Which of the following stands to profit from New York’s new divorce law, which went into effect in July?

  • A. The husband?
  • B. The wife?
  • C. The lawyers?
  • D. The accountants?
  • E. The appraisers?
  • F. The private investigators?
  • G. The Internal Revenue Service?

There is some debate about A and B, but very little about C through G. Judging from experiences in this state and longer experiences in states with similar laws, the cost of a divorce is likely to be double or more what it would have 

been under the old law, particularly if it goes to trial. It also may take considerably longer now to get a divorce, because of the extra work involved, say many lawyers. In addition, many lawyers feel that more couples are settling out of court because they cannot afford the high costs of trial. The reason for the complications is that the new law provides for “equitable distribution” of marital property, regardless of who owns title or who went out and earned the money. It is designed to help, in particular, the woman who has stayed at home during a long marriage raising children and keeping house.

“We’re more cautious 

,said Lake Success attorney Ken Koopersmith. “We need more detailed financial information than before,” particularly because the transfer of assets from husband to wife can trigger capital gains taxes. He added, “It’s going to have to cost substantially more.” In one complicated case, he has insisted that his client, a husband, “obtain separate tax counsel for which I will not be responsible.” However, according to lawyers in states that have had similar divorce laws for longer periods that is, the vast majority of states this method of splitting up property has many advantages for both parties, as well as for all the people being hired to help. Although a judge may still grant alimony, now called maintenance, a division of property allows for a “clean break” and avoids the frequent messiness of extended alimony. Another new feature is that a judge may also now order limited-time maintenance, until one spouse-usually the wife who had not been working—has time to establish herself in the job market. “This is an important step up for women who were at the mercy of husbands who didn’t want to pay alimony and could not be compelled by the courts to share the marital property,” ‘said Harriet N. Cohen of the New York firm of Golenbock and Barell, who chairs the Matrimonial and Family Law Committee of the New York Women’s Bar Association. “The law will particularly help women who had marriages during which considerable property was acquired but placed in the husband’s name only.” 

 New York had been a “title state” where, with few exceptions, whoever had title ended up with the property.

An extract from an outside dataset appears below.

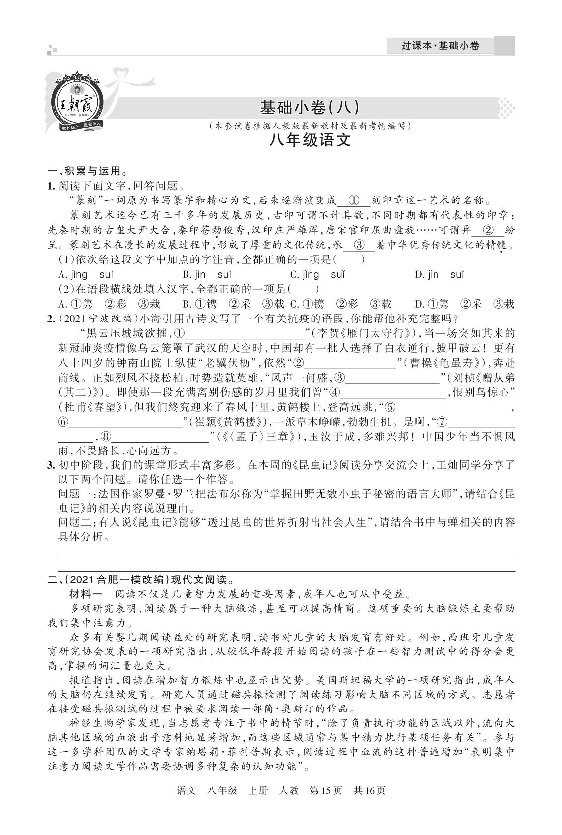 王朝霞期末过课本——基础小卷(八)八年级上册语文(人教版)_R211225092221750【14】

In cases where a jointly owned home is a family’s only asset, probably nothing will change. “Some people feel lawyers have benefited [from the new law],” said Assemb. May Newburger (D-Great Neck), who helped get the measure passed. “But I really do feel it’s a distinct step forward. The law now recognizes a woman’s contribution as spouse and parent.” The new law means that judges must decide what the assets in the marriage are worth and how they can be divided, as well as what “equitable” (not necessarily equal) share each spouse is entitled to-based on the contribution each made to the marriage, the length of the marriage and other factors and the possible tax consequences of these actions.

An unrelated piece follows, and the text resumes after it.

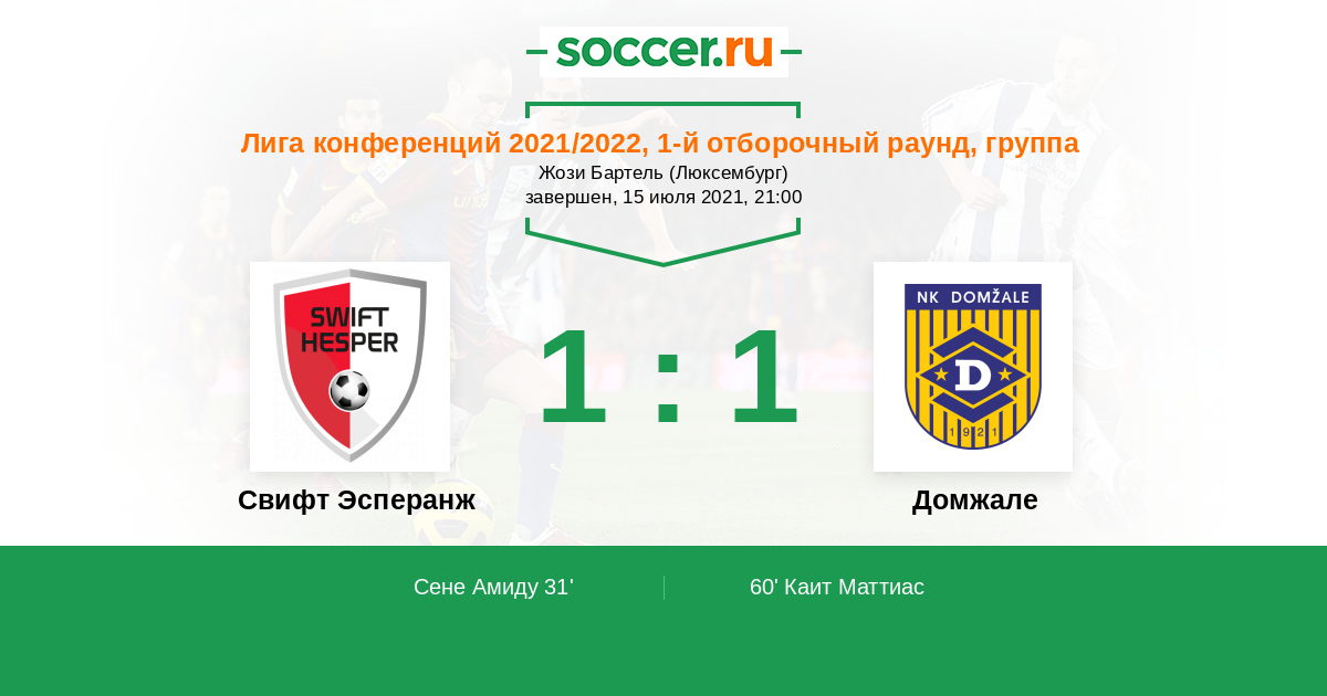 Протокол матча Свифт Эсперанж против Домжале

As a result, lawyers on each side hire accountants, appraisers, paralegals, investigators and other professionals to protect their clients. Even if the matter never reaches a judge, attorneys for each side must work out solutions to these same problems, and the research involved could be just as extensive. One appraisal firm, R.J. Smythe and Co. of Manhattan, has added a special divorce division of 30 appraisers, experts in anything from jewelry to real estate. “I think it’s a much-needed law,” said the firm’s vice president, Kurt B. Edelhofer Sr. “Certainly we’re happy about it.” Fees approached $7,000 in one case, he said.

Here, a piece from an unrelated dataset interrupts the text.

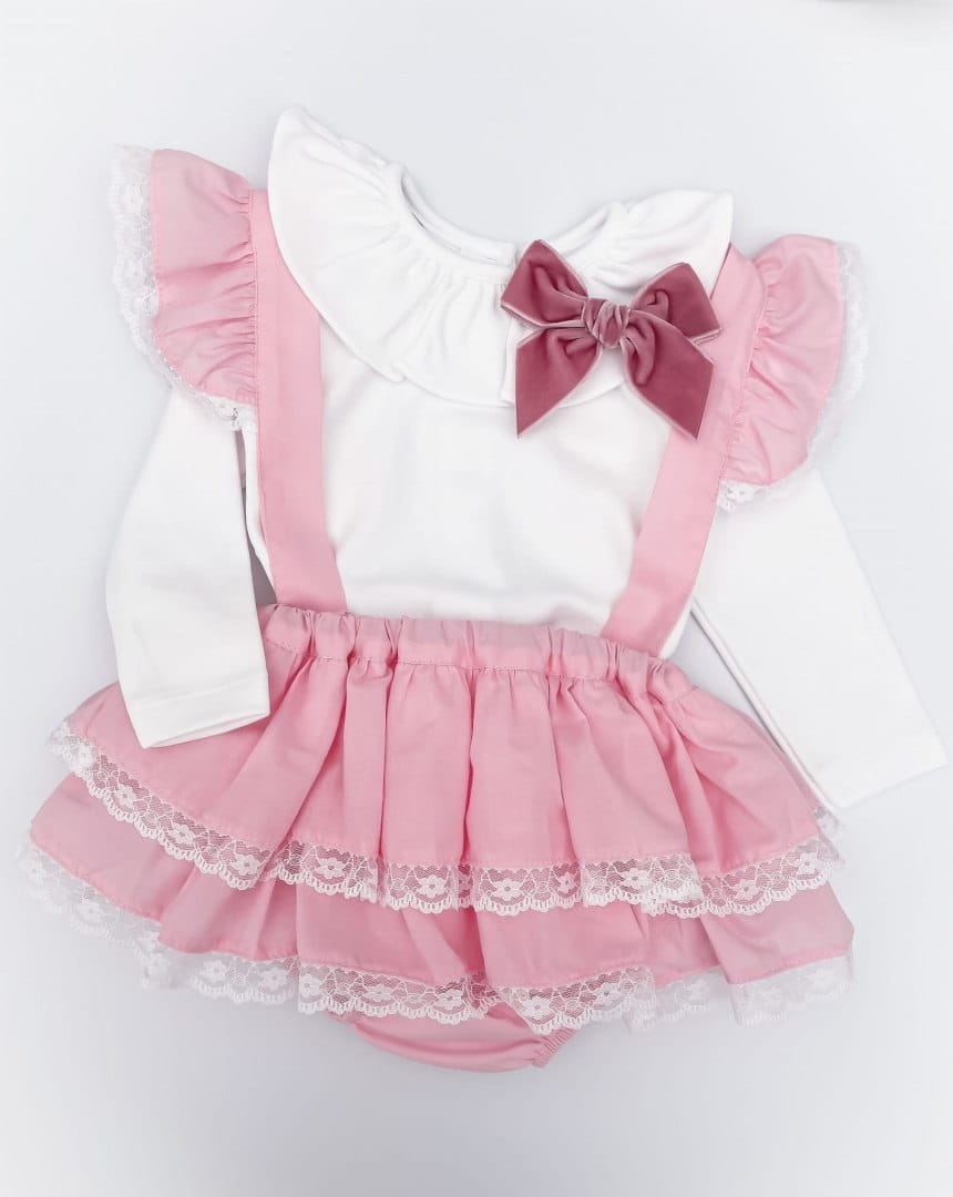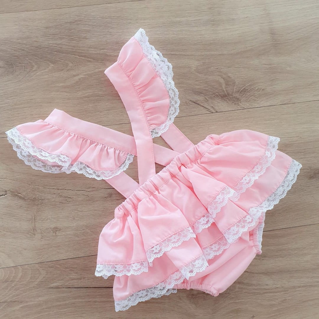 Bawełniany rampers z szelkami wykończony koronką, jakość premium.

For private investigators, such as Vincent Parco of Manhattan, tracking down assets has nearly replaced “trying to catch people in motels.” Since the divorce law took effect, Parco has traced yachts and condominiums that husbands attempted to hide, as well as a phony partnership used to cover up assets. “It’s taking longer than usual because the lawyer has to think not only of what he can do to protect his client but what sorts of things might change, so the client can’t come back and say, “Why didn’t you protect me?'” said Richard Neumann, who heads Hofstra Law School’s Community Legal Assistance Corp. In California, he said, a divorced woman successfully sued her lawyer for $100,000 because he overlooked the value of her husband’s pension. 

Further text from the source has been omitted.